New cancer drugs are first tested in the laboratory before they are given to people in trials. If it seems that they may be helpful in the treatment of a particular cancer they are tested in phase 1 trials. If these are successful the drug is entered into phase 2 trials and then phase 3.

Manufacturers of drugs that have gone through phase 3 trials and have been shown to be safe and effective can apply for the drug to be granted a licence (also known as a marketing authorisation). Licensed drugs are then available to be used in healthcare. Most licenses are granted by the European Medicines Evaluation Agency as the license covers all countries in the European Union. The Medicines and Healthcare products Regulatory Agency can grant a license for a drug to be used just in the UK. Drugs that are licensed may be further researched in phase 4 trials.

People who run trials involving patients (trial researchers) have to offer a treatment that they believe is at least as good as, and possibly better, than the best available treatment. The trials have to be conducted following strict rules and guidelines.

Phase 1 trials of new cancer treatments use drugs that have been tested on cancer cells in the laboratory and which have had an effect. Phase 1 is the first stage in which the drugs are used to treat people. These studies involve small numbers of patients. Phase 1 drugs are offered to people whose cancer has come back or spread and there is no other standard treatment that may help them. It is not expected that the treatment will cure the cancer; rather, the trial aims to find out:

• how much of the treatment can be given without causing serious side effects
• if the drug has an effect on the body
• what side effects it causes
• whether the drug has any effect on the cancer.
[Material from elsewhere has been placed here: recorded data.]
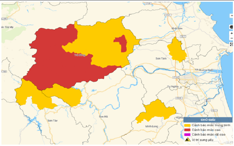 Bản đồ nguy cơ lũ quét, sạt lở đất đá trên các khu vực của tỉnh Quảng Ngãi được cảnh báo vào hồi 11h30 ngày 18/9. Ảnh: Trung tâm Dự báo KTTV Quốc gia
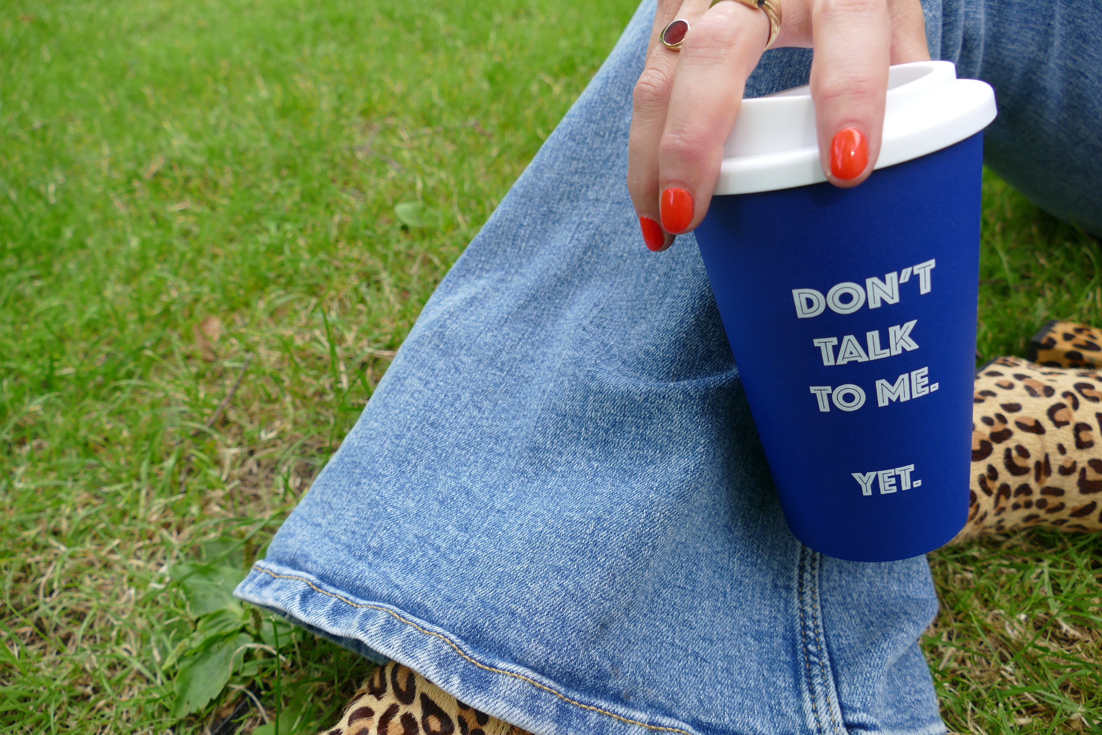 Deze fijne blauwe koffiebeker zegt wat jij denkt, nog voordat de cafeïne z'n werk doet.
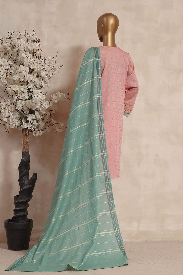 Bin Saeed Stitched 3 Piece Embroidered Jacquard Lawn Collection'2023-BNS-007-T.Pink
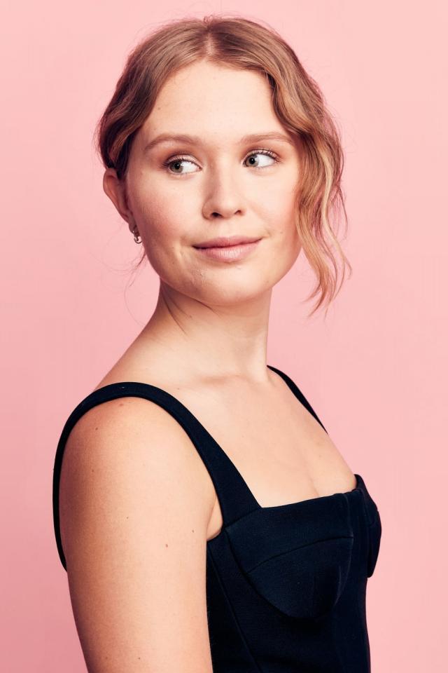 Обои Красивая актриса Элайза Сканлен фото на розовом фоне
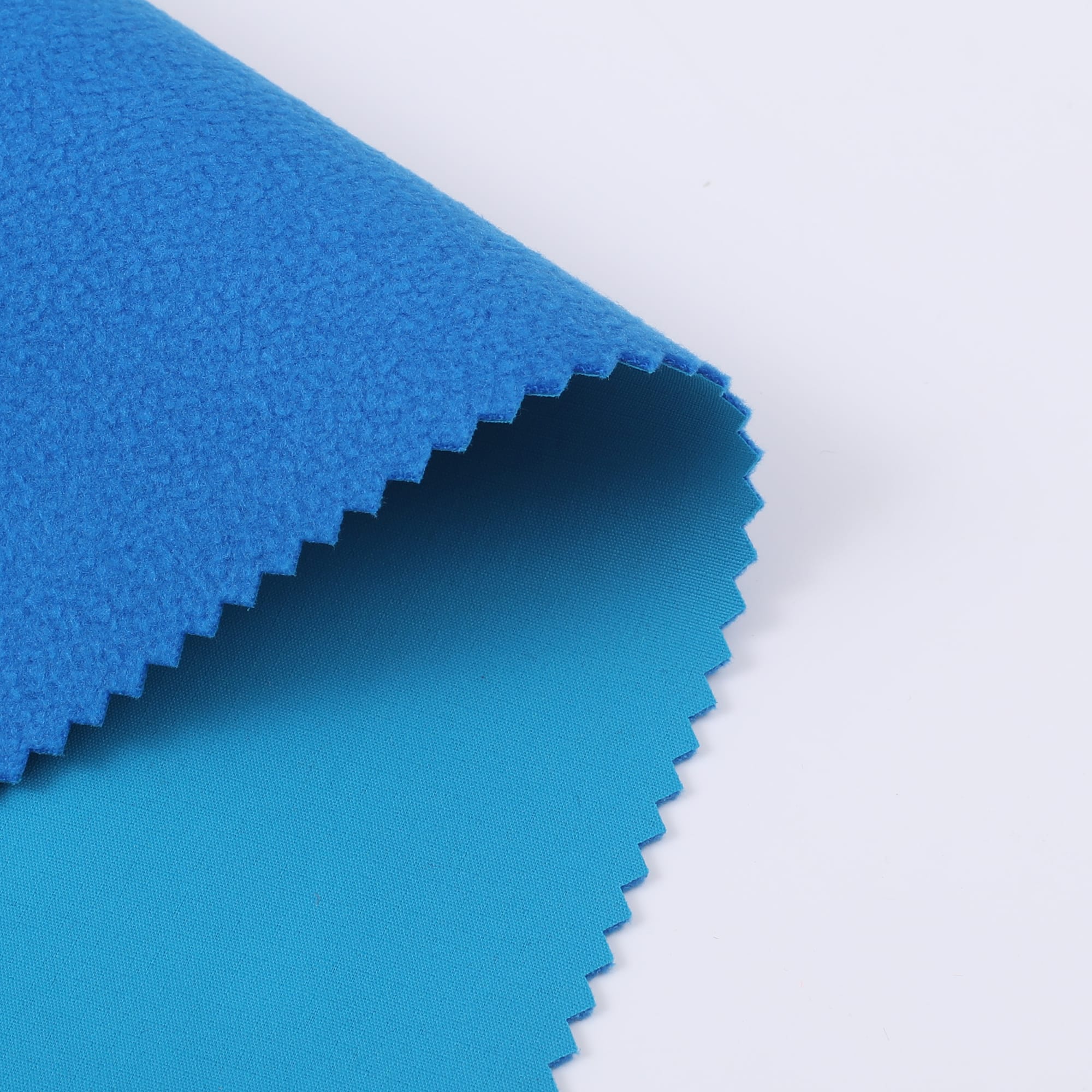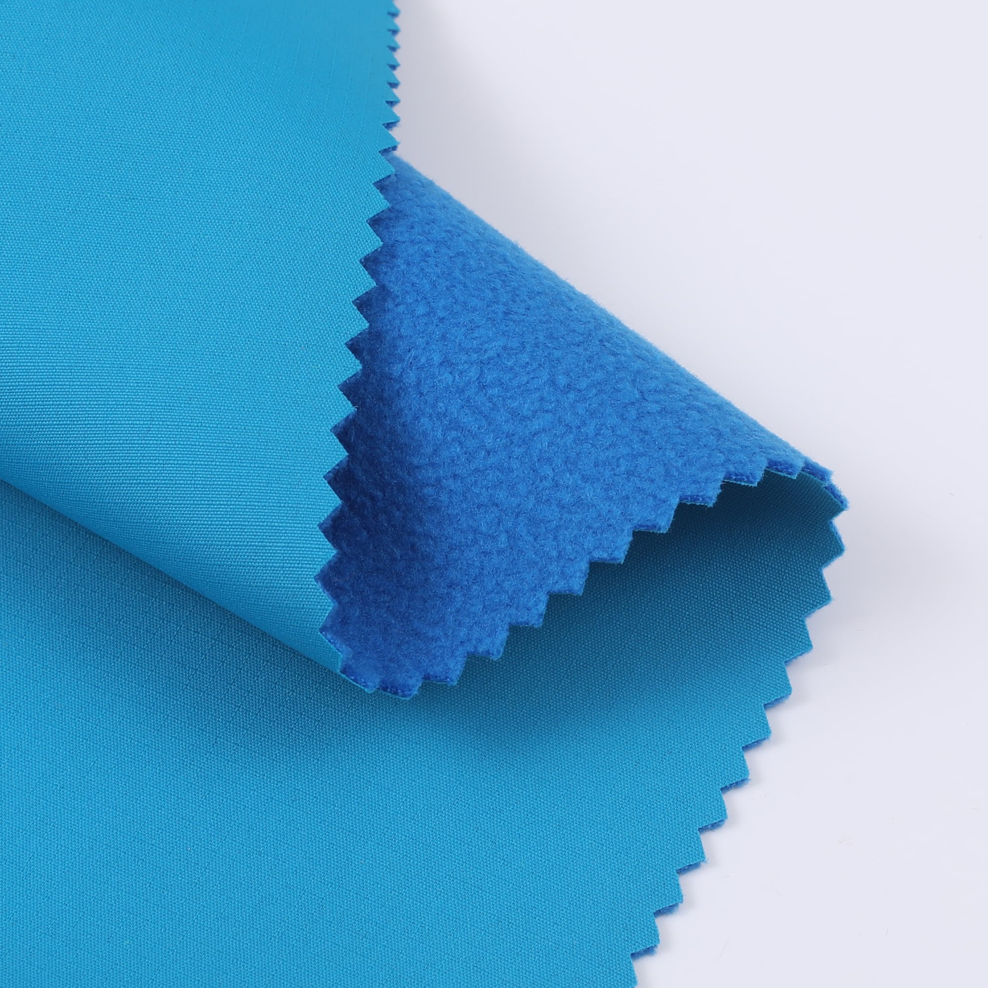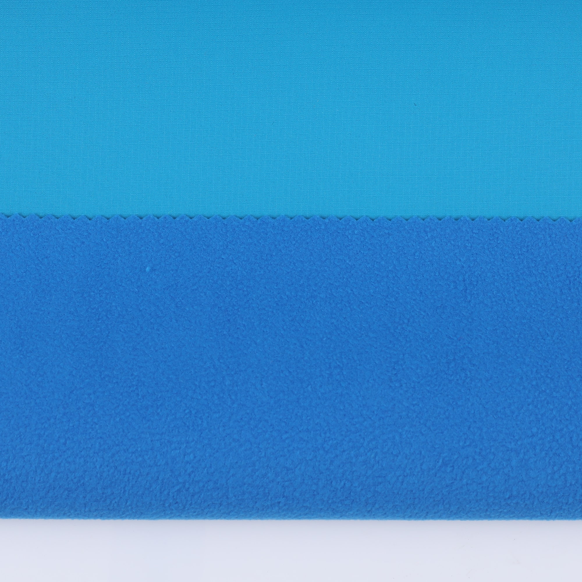 P/D+W/R+TPU WP/MVP: 3K/3K+150D/144F polar fleece,its face material is a polyester full dull ribstop pongee fabric with water-repellence finish,its back material is a Waterproof Breathable TPU membrane bonded with polar fleece,it is water-resistant,waterproof,windproof,breathable,durable,suitable for Shell Jacket,Skiwear,Ski Suit,Outdoor Clothing,etc.

In a phase 1 trial, the first group of 3–6 patients are given a small dose that is expected to be safe. If none of the patients has any side effects the next group will be given a higher dose. In this way the dose of the drug is increased until some people do have side effects. When side effects are seen that make it unsafe to increase the dose further, it is known as the maximum tolerated dose and the dose is not increased any more.

It is impossible to predict whether a new treatment will cause harmful side effects and people in this type of trial need to be monitored very carefully. Phase 1 trials are usually carried out in clinical research units at specialist hospitals, rather than in local hospitals. Sometimes this may involve a lot of travelling to and from the hospital.

If the drug has an effect on the cancer, and a safe dose has been found, the drug will then be tested in phase 2 trials.

By the time a treatment reaches phase 2, researchers will know quite a lot about it. The phase 1 trials will have shown what most of the major side effects are and whether the drug actually has some effect on particular types of cancer. The aim of phase 2 trials is to find out:

• if the treatment works well enough to be tested in a larger, phase 3 trial
• which types of cancer it might be best used to treat
• more about the side effects
• more about the best dose to use.

Researchers will know a lot about the side effects that are likely to occur, so that they can deal with these straight away if necessary.

Phase 2 studies have more patients, perhaps a few dozen. These patients will be closely monitored to see whether their cancer is getting smaller. If the cancer shrinks, it is known as a response to the treatment. The trial will also look at any side effects caused by the treatment.

Sometimes, phase 2 studies include different ways of giving the new treatment; for example, patients may be given the same drug by injection, or as tablets. These trials may be randomised.

These studies follow phase 2 and the main aim is usually to compare the effectiveness of newer treatments with that of standard treatments. They also give more information about the side effects that the new treatment may cause.

Sometimes a trial may test whether a new treatment is as good as the standard treatment but cause fewer side effects. An example is testing a new way of giving radiotherapy and comparing it to the standard radiotherapy treatment.

Phase 3 trials are large and may include hundreds, or sometimes thousands, of patients from many different hospitals, often from several countries. Researchers can measure various aspects, such as:

• how long patients stay free of cancer (known as disease-free survival)
• the number of people who are alive, with or without signs of cancer (known as overall survival)
• whether the cancer grows more slowly
• how the treatment affects patients' quality of life.

Phase 3 trials always involve randomisation.

Phase 4 trials are carried out after a drug has been shown to be effective and has been granted a license. These trials aim to find out:

• how well the drug works when it is used more widely than in clinical trials
• the long-term risks and benefits of the drug
• more about the possible rare side effects and safety of the drug.

These bring together the results of a large number of similar studies. In doing this, doctors and researchers can try to get more accurate answers than from individual trials. They may help to show more about the value of a treatment and may also help to identify other important questions that need to be answered. Overviews and meta-analyses do not involve further patients: they analyse the information gained from previous trials.